*Exercise requirements*.
Copy exactly, beginning with the line holding "7. oktobrī plkst." and ending with the final line of the data beneath this task; copy nothing else, and leave out every picture.

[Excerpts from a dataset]
━━━━

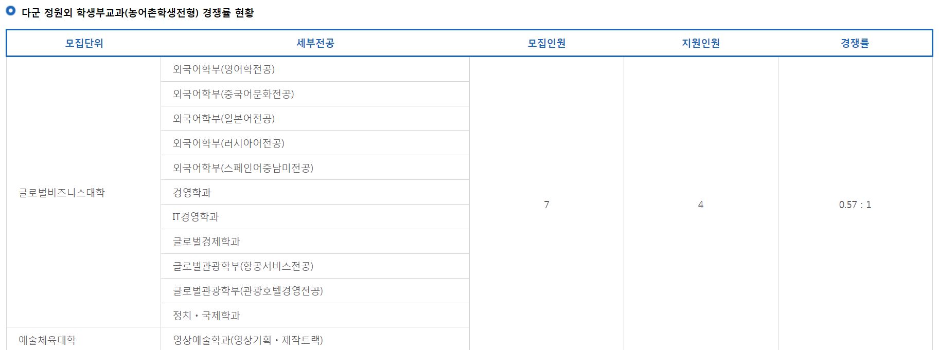 다군 정원외 학생부교과(농어촌학생전형) 경쟁률 현황
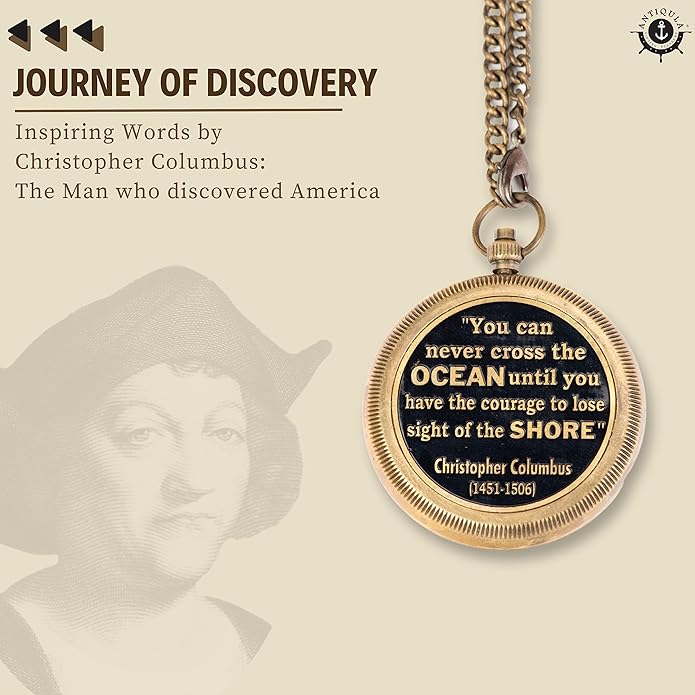 • ✔ EMBRACE INSPIRATION AND COURAGE: Introducing the captivating Columbus Compass—a vintage treasure. An ideal gift for dreamers and adventurers, it enchants with its timeless allure. Skillfully handcrafted, it showcases an engraved quotation by Christopher Columbus on its backside: "You can never cross the ocean until you have the courage to lose sight of the shore." Perfect for graduation gifts for boys, baptism gifts for boys, and confirmation gifts for teenage boys, and much more.
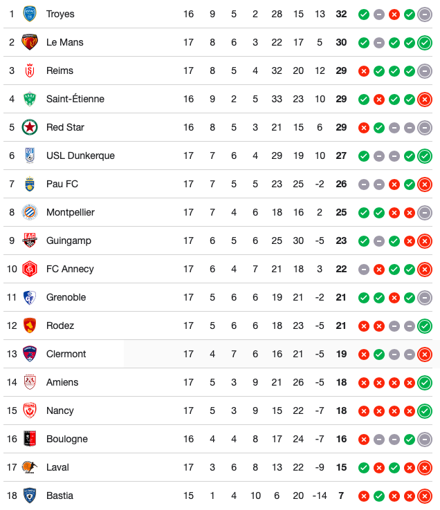 Le programme et les résultats de la 17ème journée de Ligue 2 :
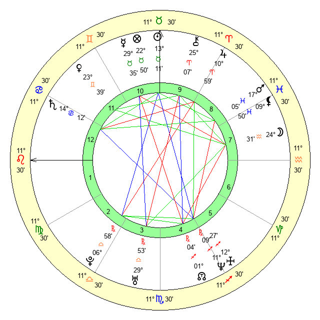 | Moon | 24 Aquarius 26 | 10 Leo 31 | 25 Sagittarius 50 |
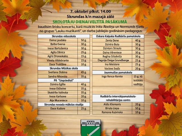 7. oktobrī plkst. 14.00 Skrundas kultūras nama mazajā zālē notiks Skolotāju dienai veltīts pasākums, kurā ikviens aicināts darba jubilejās godināt pedagogus un baudīt lirisku koncertu, kurā muzicēs Inita Āboliņa un Normunds Ķietis no grupas “Lauku muzikanti”.
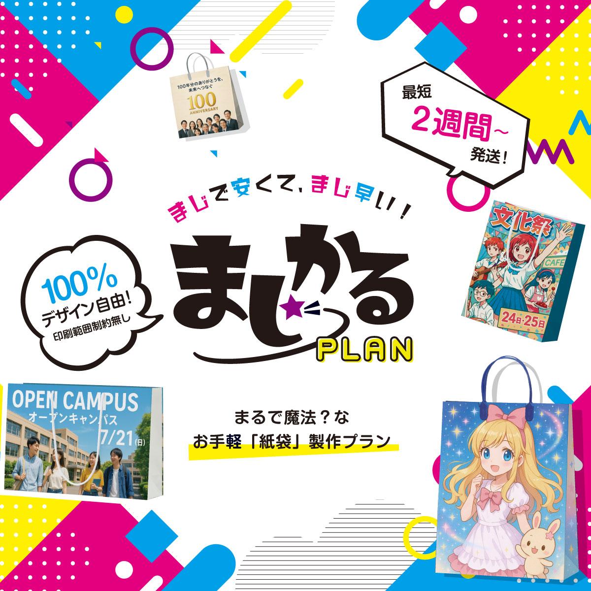 短納期、小ロットで出来るオリジナル紙袋の”まじかるプラン”サービスがスタートしました。 |
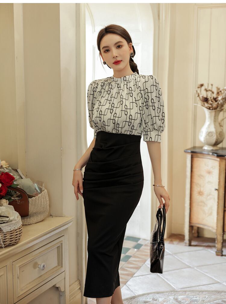 エレガントなフェイクツーピースのパーティードレス。
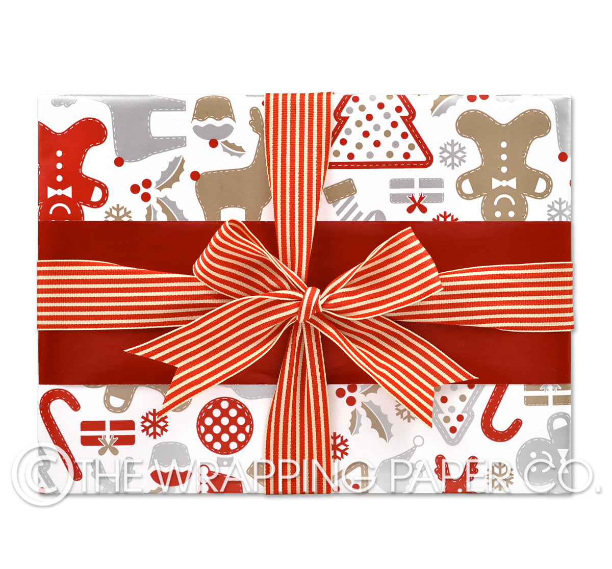 XMAS ALLSORTS LATTE Christmas wrapping paper counter roll 500 mm x 50 mtr gift wrapping paper. Designed & Manufactured in Australia using strong 80gsm gloss white paper sourced from certified sustainable plantation forests. All designs are Copyright of The Wrapping Paper Co.
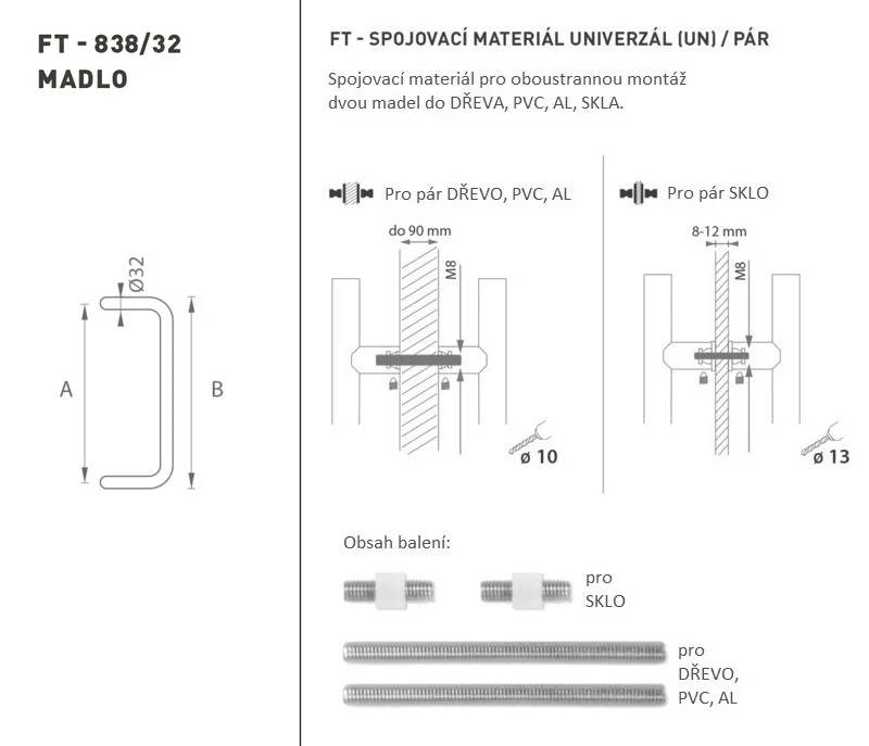 Klika dveří je vyrobena z kvalitní nerezové oceli, známé jako nerezová ocel, a je povrchově upravena. Profil rukojeti je 32 mm. Sada UNIVERSAL (UN) obsahuje spojovací prvky pro oboustrannou montáž dvou madel do dřeva, PVC, AL, skla.
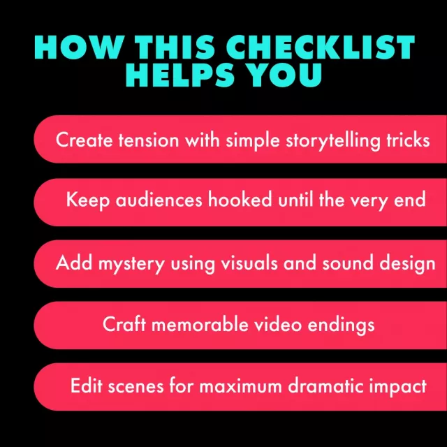 Don’t let your hard work go unnoticed. Elevate your storytelling, hold your viewers’ attention, and deliver unforgettable video experiences. Download The Ultimate Suspense-Building Checklist for Captivating Videos today and start creating content that truly captivates.
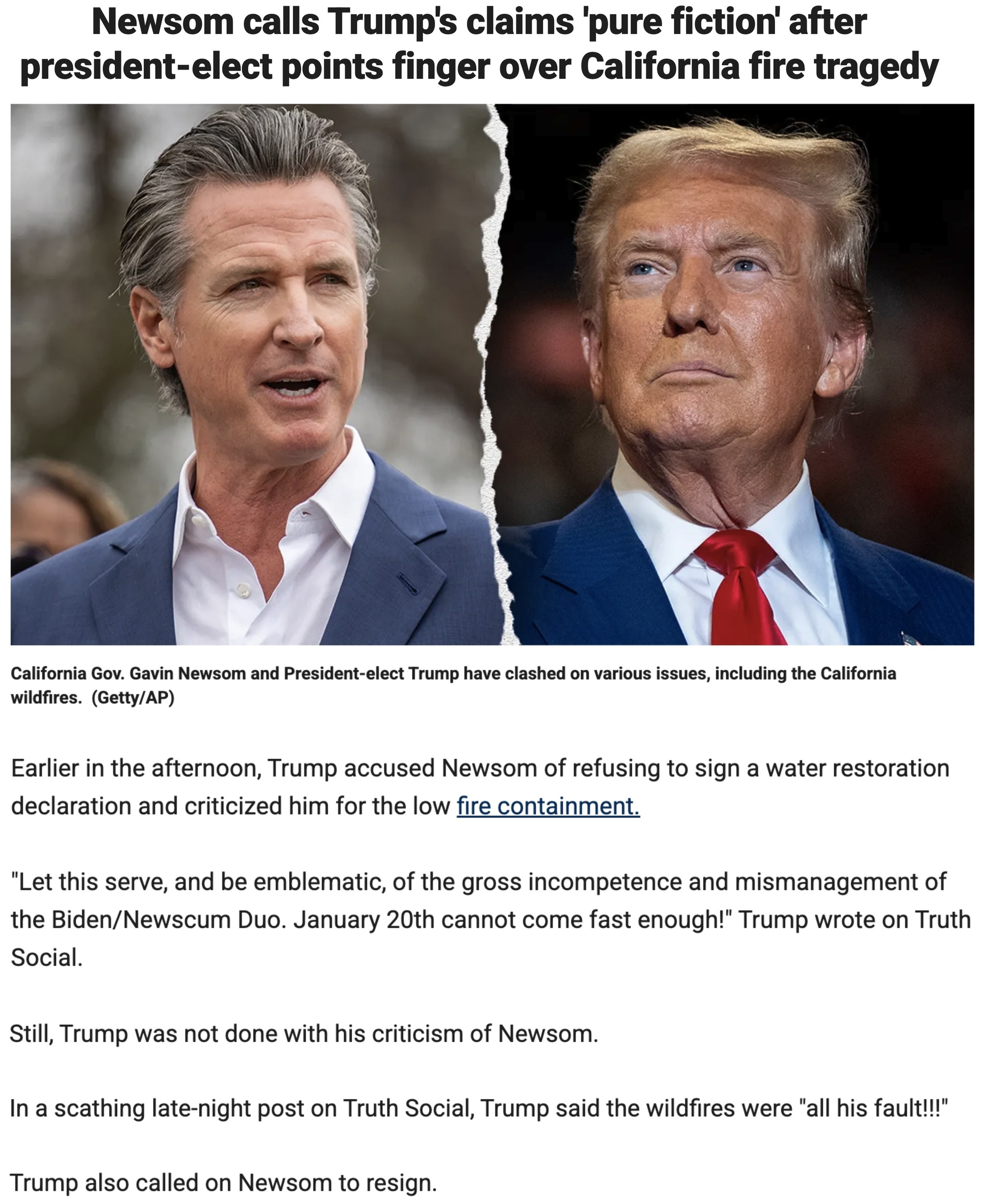 △福克斯新聞網報道:特朗普稱加州山火是紐森和拜登嚴重無能和管理不善的象徵,還稱山火全是紐森的錯,並呼籲紐森辭職。
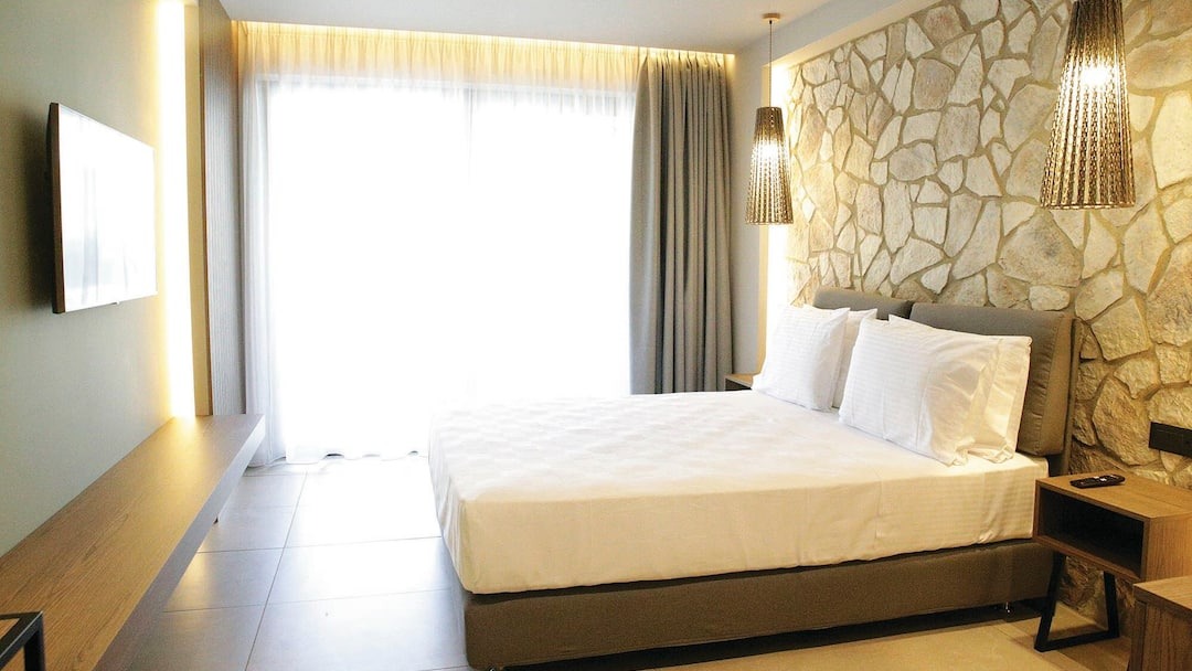 The on-site restaurant serves a variety of local and international dishes, with regular themed evenings during the summer months. With a friendly atmosphere and excellent location, this hotel is a popular choice for a laid-back escape in the Greek sunshine.

━━━━

*Response area*.
 7. oktobrī plkst. 14.00 Skrundas kultūras nama mazajā zālē notiks Skolotāju dienai veltīts pasākums, kurā ikviens aicināts darba jubilejās godināt pedagogus un baudīt lirisku koncertu, kurā muzicēs Inita Āboliņa un Normunds Ķietis no grupas “Lauku muzikanti”.
 短納期、小ロットで出来るオリジナル紙袋の”まじかるプラン”サービスがスタートしました。 |
 エレガントなフェイクツーピースのパーティードレス。
 XMAS ALLSORTS LATTE Christmas wrapping paper counter roll 500 mm x 50 mtr gift wrapping paper. Designed & Manufactured in Australia using strong 80gsm gloss white paper sourced from certified sustainable plantation forests. All designs are Copyright of The Wrapping Paper Co.
 Klika dveří je vyrobena z kvalitní nerezové oceli, známé jako nerezová ocel, a je povrchově upravena. Profil rukojeti je 32 mm. Sada UNIVERSAL (UN) obsahuje spojovací prvky pro oboustrannou montáž dvou madel do dřeva, PVC, AL, skla.
 Don’t let your hard work go unnoticed. Elevate your storytelling, hold your viewers’ attention, and deliver unforgettable video experiences. Download The Ultimate Suspense-Building Checklist for Captivating Videos today and start creating content that truly captivates.
 △福克斯新聞網報道:特朗普稱加州山火是紐森和拜登嚴重無能和管理不善的象徵,還稱山火全是紐森的錯,並呼籲紐森辭職。
 The on-site restaurant serves a variety of local and international dishes, with regular themed evenings during the summer months. With a friendly atmosphere and excellent location, this hotel is a popular choice for a laid-back escape in the Greek sunshine.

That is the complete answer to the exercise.